Hari itu tanggal 12 Maret 1930. Gandhi dan para pengikutnya berjalan selama 25 hari dan 388 kilometer menuju Laut Arab untuk menentang undang-undang pemerintah Inggris yang tidak adil yang melarang pe­ngumpulan garam di negeri jajahannya. Sebagai seseorang yang ahli dalam melakukan tindakan dramatis melalui isyarat, Gandhi membungkuk di dekat pantai dan meraup se­genggam lumpur asin. Saat kegiatan terlarang pengumpulan garam itu menyebar ke seluruh penjuru negeri, penangkapan dan pemukulan pun terjadi. Gan­dhi dipenjara selama hampir sembilan bulan.

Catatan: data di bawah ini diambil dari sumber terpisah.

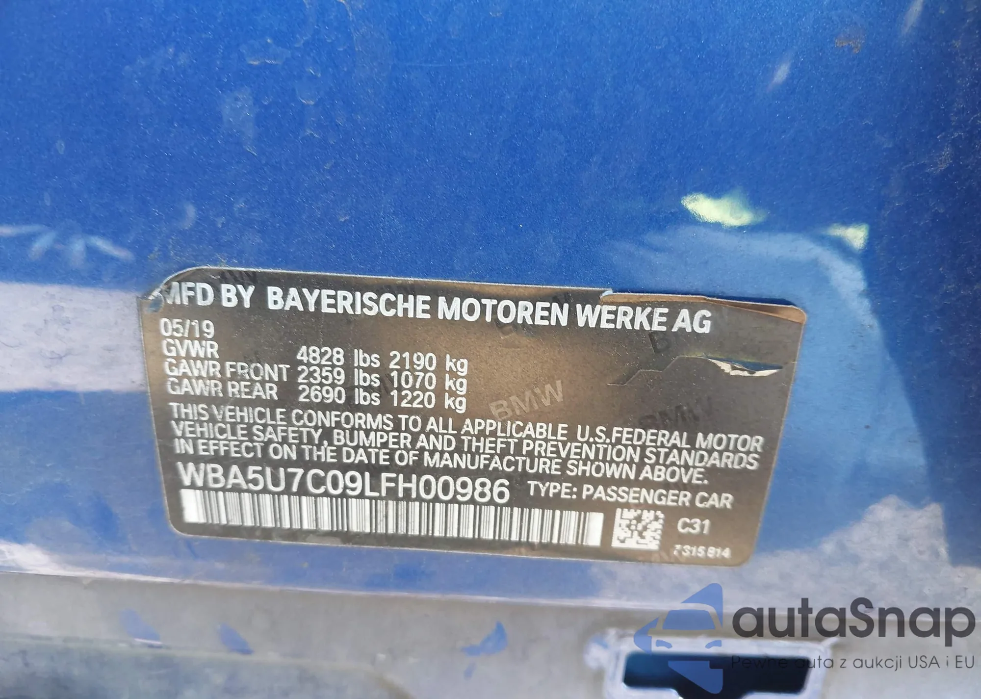 LOT: 43546569 VIN: WBA5U7C09LFH00986

Tindakan yang dipandang pemerintah sebagai aksi pertunjukan politik yang tidak ada arti­nya itu membengkak men­jadi gerakan nasional untuk menuntut kemerdekaan. Sekian banyak masyarakat India—dari kasta tinggi hingga rendah, pria dan wanita, Hindu dan Muslim—untuk per­tama kalinya bergabung dalam unjuk rasa menentang pemerintahan Inggris. Sekarang, masyarakat India memiliki pemimpin. Sejak hari dia memulai Arak-arak­an Garam atau Salt March sampai wafat 18 tahun kemudian, Gandhi berhasil menanamkan perpaduan semangat politik dan spiritualitas pada setiap warga India. Dia menyebut filosofi berbasis tindakan itu satyagraha, kekuatan kebenaran.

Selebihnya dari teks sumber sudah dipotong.